The patient M.B has felt pain because of urinary retention. It is also difficult to insert a catheter because of bladder enlargement. The patient has a potential risk of the complication of bladder damage, acute kidney injury, and benign prostatic hyperplasia. So the patient has to monitor for B.P, elevated temperature, signs, and symptoms of infection, hematuria, level of pain, and palpable distension of the bladder.

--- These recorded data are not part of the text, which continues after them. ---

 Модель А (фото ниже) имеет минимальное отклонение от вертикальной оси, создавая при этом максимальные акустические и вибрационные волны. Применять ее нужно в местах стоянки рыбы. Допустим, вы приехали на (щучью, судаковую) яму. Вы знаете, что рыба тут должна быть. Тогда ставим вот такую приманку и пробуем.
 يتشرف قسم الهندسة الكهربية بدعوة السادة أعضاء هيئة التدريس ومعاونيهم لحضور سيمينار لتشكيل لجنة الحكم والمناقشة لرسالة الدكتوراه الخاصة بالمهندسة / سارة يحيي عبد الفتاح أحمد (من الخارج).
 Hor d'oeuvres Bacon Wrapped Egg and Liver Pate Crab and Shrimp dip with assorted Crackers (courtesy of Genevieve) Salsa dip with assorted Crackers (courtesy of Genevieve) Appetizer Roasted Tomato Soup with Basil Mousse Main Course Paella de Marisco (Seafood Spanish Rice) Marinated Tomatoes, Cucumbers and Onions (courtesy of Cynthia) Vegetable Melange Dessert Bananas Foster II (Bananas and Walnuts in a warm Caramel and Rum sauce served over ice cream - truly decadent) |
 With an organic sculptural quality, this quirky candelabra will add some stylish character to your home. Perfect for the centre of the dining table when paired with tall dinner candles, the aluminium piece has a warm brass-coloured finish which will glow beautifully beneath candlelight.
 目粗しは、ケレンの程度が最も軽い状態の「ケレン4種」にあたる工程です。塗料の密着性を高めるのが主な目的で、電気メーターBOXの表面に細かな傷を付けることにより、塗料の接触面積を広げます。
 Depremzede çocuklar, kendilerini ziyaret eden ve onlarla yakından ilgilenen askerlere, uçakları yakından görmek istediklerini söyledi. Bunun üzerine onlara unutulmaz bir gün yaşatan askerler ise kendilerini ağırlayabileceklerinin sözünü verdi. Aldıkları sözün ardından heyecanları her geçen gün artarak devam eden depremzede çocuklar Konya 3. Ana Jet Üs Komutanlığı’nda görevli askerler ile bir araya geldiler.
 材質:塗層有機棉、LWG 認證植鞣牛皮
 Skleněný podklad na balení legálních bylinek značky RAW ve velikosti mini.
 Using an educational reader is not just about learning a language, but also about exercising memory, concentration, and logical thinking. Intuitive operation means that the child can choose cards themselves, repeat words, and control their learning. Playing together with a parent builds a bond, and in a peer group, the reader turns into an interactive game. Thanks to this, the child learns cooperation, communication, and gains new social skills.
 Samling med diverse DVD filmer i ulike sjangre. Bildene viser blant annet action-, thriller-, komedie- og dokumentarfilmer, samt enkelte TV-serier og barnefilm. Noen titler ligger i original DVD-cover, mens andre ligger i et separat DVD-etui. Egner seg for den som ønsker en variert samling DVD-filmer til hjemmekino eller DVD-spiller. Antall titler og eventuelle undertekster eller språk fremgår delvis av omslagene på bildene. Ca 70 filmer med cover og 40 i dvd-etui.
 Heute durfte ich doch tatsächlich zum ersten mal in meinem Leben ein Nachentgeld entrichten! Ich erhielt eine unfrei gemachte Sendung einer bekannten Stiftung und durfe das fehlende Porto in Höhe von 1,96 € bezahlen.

4. Next, on your priority patient write out in the nursing process your plan of care for your patient (ADPIE). What will be your focused assessment? What is your priority NANDA in three parts? Develop a plan and prioritize your interventions, minimum of three, and what would you want to see as the outcome or evaluation for your patient?

Nursing Plan of Care

The care plan for M.B should be assessed properly and planning should be made based on the patient needs.

Focused Assessment:

  • Assess the patient level of pain.
  • Monitor vital signs
  • Assess the bladder distension and level of comfort.
  • Monitor the urine output and the color, odor, of urine.
  • Monitor BUN.
  • Scan the bladder.

Nursing Diagnosis:

  • Urinary retention related to bladder obstruction as evidenced by decompensation of detrusor musculature.

Planning:

  • Make the patient urinate a sufficient amount of urine.
  • Empty the bladder thoroughly.

Intervention:

  • Encourage the patient to void and assess the quantity and frequency of urine.
  • Place the patient in an upright position to promote voiding.
  • Perform Crede's maneuver to relax the sphincter muscles and promote voiding.
  • Encourage fluid intake if not contraindicated.
  • Calm the patient to minimize the anxiety level.

Evaluation:

Patient voided in sufficient amount and no palpable bladder distension.